Harman relates that “the character in “The Judgment” known only as the “friend in Russia,” may be partly modeled on Löwy, who grew up in Warsaw while it was still under Russian rule and whose life as a nomadic actor became increasingly precarious. 

Harman also explores Kafka’s relationships with women. “Although the relationship with Milena was short-lived, it nonetheless affected him deeply as a person, a writer, and a Jew,” Harman writes. “During the affair with Milena, his only serious relationship with a non-Jewish woman, Kafka began to see himself as the ‘most Western-Jewish’ of European Jews, a notion which covertly underlies his third and final novel, The Castle.” 

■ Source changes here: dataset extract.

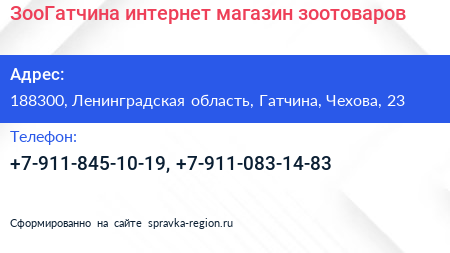 ЗооГатчина, интернет-магазин зоотоваров по адресу 188300, Ленинградская область, Гатчина, Чехова, 23 в дальнейшем Организация, размещена в следующих категориях:

The truth is that everything in this book is worth reading — the translator’s introduction; the actual introduction; the titles of the stories; the actual stories in translation; even the notes in the back of the book, which are a veritable treasure trove. From the notes, I learned that Auden’s 1941 essay in The New Republic, in which he praised Kafka as being in the same league as Dante and Shakespeare, was, amazingly enough, titled “The Wandering Jew.” 

But I would be remiss if I did not mention that another important contribution Harman’s book offers is a window into history. It’s easy to forget that 50 million people died globally in the influenza epidemic of 1918-1920, according to one estimate; Harman slips this in as he mentions that Kafka managed to survive it. As we consider how the coronavirus pandemic, inflation, and ongoing wars are contributing to global political instability, those small historical details of the years of Kafka’s life add contemporary resonance — and of course, fear and foreboding — to the reading experience. It’s just another way Harman brings us into Kafka’s inner world.